Anziani maltrattati a Prato, il silenzio della coop Astir sugli orrori

Nemmeno una parola di scusa per il comportamento dei suoi operatori. Il consorzio scarica la colpa sull'Asl per i mancati i controlli

Quindici righe, qualche banalità e mai, nemmeno per sbaglio, la parola "scuse". Questo è riuscito a partorire il Consorzio di cooperative Astir, 27 ore dopo la notizia dell'inchiesta che vede indagate 17 persone (tre dipendenti dell'Asl e 14 dell'Astir, appunto) per i maltrattamenti nei confronti degli anziani ospiti della casa di riposo di Narnali, a Prato. Non solo. Anziché fare un esame di coscienza, come sarebbe parso normale e scontato, il Consorzio Astir punta il dito sull’Azienda sanitaria. La casa di riposo, si legge nella nota diffusa ieri, è una struttura a gestione mista pubblico-privata dove le funzioni di controllo «sono di spettanza esclusiva dell'Asl 4».

E siccome secondo l'Astir il nocciolo della questione è la mancanza di controllo, la colpa è dell'Asl. Semplice, no? Fosse per loro, la faccenda sarebbe già risolta e sarebbero altri a doversene preoccupare. Con buona pace del fatto che sette dei nove operatori sospesi dal gip sono dell'Astir.

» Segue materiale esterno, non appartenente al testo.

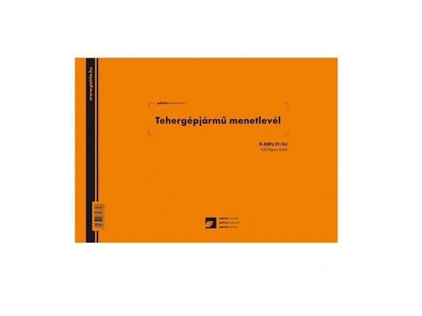 D.GEPJ.21/5 A5 100lapos fekvő tehergépjármű menetlevél
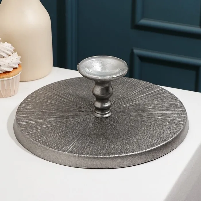 Блюдо для торта «Кувшинка», d=28 см, на ножке, стекло, серебристое — Характеристики
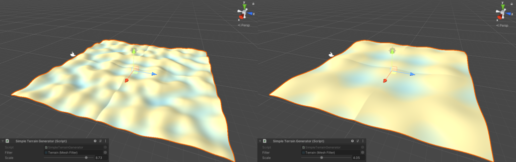 Lo que determina la irregularidad de la superficie de nuestro terreno es la función de Ruido Perlin que le estamos aplicando. Por tanto, el tamaño en XZ de las montañas dependerá del tamaño de la textura que está generando la función de Ruido Perlin:

E' un comunicato che sembra arrivare da un altro pianeta, dove tutti sono felici e soprattutto dove le case di riposo non sono gestite dall'Astir. Purtroppo quel pianeta non esiste. In quello dove viviamo noi può capitare che gli anziani vengano umiliati e offesi, picchiati e derubati, probabilmente anche da dipendenti dell'Astir, che però si limita a dire di aver sospeso gli indagati e di avere fiducia nella magistratura.

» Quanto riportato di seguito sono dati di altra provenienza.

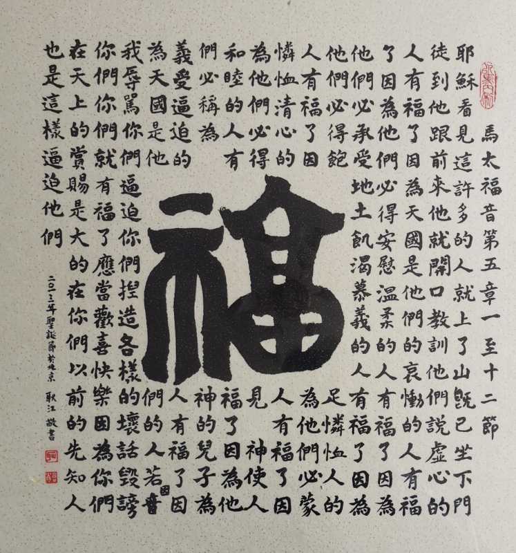 我先后临摹了《爨宝子碑》《爨龙颜碑》《史晨碑》《曹全碑》、颜真卿的《勤礼碑》《多宝塔》等。王羲之的小楷《乐毅论》巜黄庭经》等。姜夔《小楷跋王献之保母帖》。后来之所以主攻小楷,是为了抄写小楷巜圣经》,历时五年时间,已于2019年圣诞节之际抄写完毕,共百余万字。

Ben altro piglio aveva mostrato venerdì mattina il vice commissario dell'Asl 4, Simona Carli, che si è presentata davanti alle telecamere e ha chiesto scusa alle famiglie degli anziani, senza se e senza ma. La stessa Carli che ieri ha risolto la convenzione con Astir e ha dato la gestione della casa di riposo alla Misericordia, togliendo da Narnali anche i 7 infermieri dell'Asl che non sono indagati, e che ora taglia corto sulla nascente polemica: «Ognuno si comporta come crede. Io ho ritenuto giusto chiedere scusa; se altri non lo fanno, affari loro».

No, il Consorzio Astir preferisce ricordare di aver lavorato per 20 anni «con dedizione e professionalità a sostegno dei più deboli« e che «intende portare avanti la propria mission con ancora più impegno e attenzione». Ecco, bravi, un po’ più di attenzione non guasterebbe, magari con una spruzzatina di umiltà e di rispetto per il dolore di tante famiglie.